Promising New Therapy for Multiple Sclerosis Based on Placenta Cells
A study published in the journal Multiple Sclerosis and Related Disorders, led by researchers at Mount Sinai in New York and Celgene Cellular Therapeutics revealed that an infusion based on cells derived from the placenta proved to be safe for patients with multiple sclerosis (MS) and a promising new therapy for the disease. The study is entitled “Human placenta-derived cells (PDA-001) for the treatment of adults with multiple sclerosis: A randomized, placebo-controlled, multiple-dose study.”
MS is a progressive neurodegenerative autoimmune disorder that results from an attack on the central nervous system (CNS) by the body’s own immune system, causing inflammation and damage to the myelin layer that covers and protects nerve fibers in the CNS. Myelin loss leads to impairment in signal transmission along the nerve fibers, affecting motor function (such as coordination, balance, speech and vision), causing irreversible neurological disability, paralysis and blindness. MS usually starts as an episodic disorder known as relapsing-remitting MS (RRMS), and in many patients it evolves into a more severe chronic condition with worsening disability named secondary progressive MS (SPMS). It is estimated that more than 2.3 million people in the world suffer from the disease.
It has been previously shown that therapeutic cell-based infusions have an immunomodulatory and repair action in MS. PDA-001 in particular is a preparation of cultured mesenchymal-like cells derived from healthy human placental tissue and designed for the treatment of MS as these cells have immunomodulatory, anti-inflammatory, pro-regenerative and neuroprotective properties. As these placenta cells are expanded in cell culture, one healthy donor is capable of supplying enough cells for several patients.
In the study, researchers tested the safety and possible exacerbation of the disease with this new MS treatment approach based on PDA-001. A phase 1b, randomized, multicenter, double-blind, placebo-controlled study was conducted with 16 MS patients (10 with RRMS and 6 with SPMS), aged between 18 and 65 years. Six patients received a high dose of PDA-001 (600×106 cells), other six were given a lower dose (150×106 cells), and the remaining four patients received a placebo. Patients were monthly monitored for brain lesions through brain magnetic resonance imaging scans to assess possible disease progression.

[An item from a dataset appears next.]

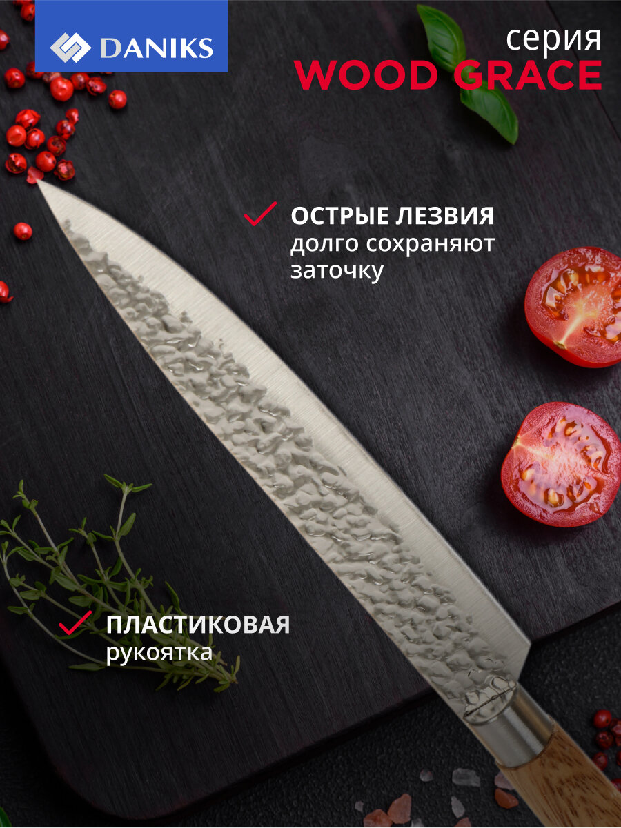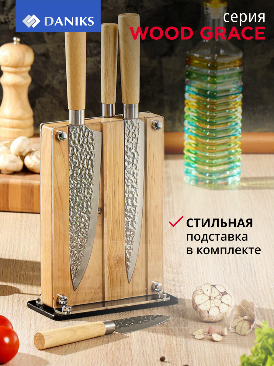 Купить Набор ножей 5 предметов, нерж.я сталь, рук. пластик, с подставк., акрил, Daniks, Вуд Грейс 388554

Researchers found that none of the patients had worsening of MS-related brain lesions one year after treatment with both PDA-001 doses, and that in fact, the majority of the patients had stable or improved levels of disability.
“We’re hoping to learn more about how placental stromal cells contribute to myelin repair,” said the study’s lead author and Professor of Neurology at Mount Sinai, Dr. Fred Lublin in a news release. “We suspect they either convert to a myelin making cell, or they enhance the environment of the area where the damage is to allow for natural repair. Our long-term goal is to develop strategies to facilitate repair of the damaged nervous system.”
The research team concluded that PDA-001 treatment was overall safe and well tolerated by patients, and that preliminary evidence suggests that PDA-001 could be able to repair damaged nerve tissues in MS patients.
“This is the first time placenta-derived cells have been tested as a possible therapy for multiple sclerosis,” noted Dr. Lublin. “The next step will be to study larger numbers of MS patients to assess efficacy of the cells, but we could be looking at a new frontier in treatment for the disease.”